YOUR TASK:
How many lines in the records below contain the word "Mercats"? Give only the number.

THE RECORDS:
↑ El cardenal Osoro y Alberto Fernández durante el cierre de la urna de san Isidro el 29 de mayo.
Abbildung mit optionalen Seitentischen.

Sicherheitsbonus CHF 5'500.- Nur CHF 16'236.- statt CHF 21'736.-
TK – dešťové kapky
---
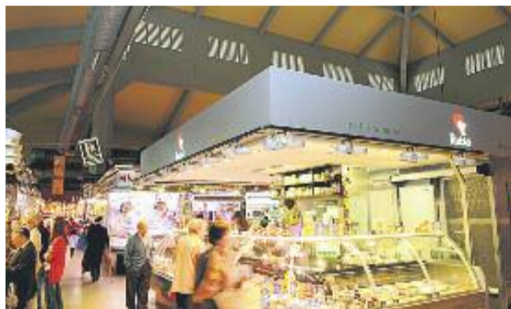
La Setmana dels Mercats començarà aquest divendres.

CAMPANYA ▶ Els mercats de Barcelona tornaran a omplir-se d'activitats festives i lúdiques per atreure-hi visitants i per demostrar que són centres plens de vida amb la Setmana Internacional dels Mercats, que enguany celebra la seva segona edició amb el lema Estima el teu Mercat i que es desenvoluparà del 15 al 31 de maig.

ANSWER FOR THIS EXERCISE:
2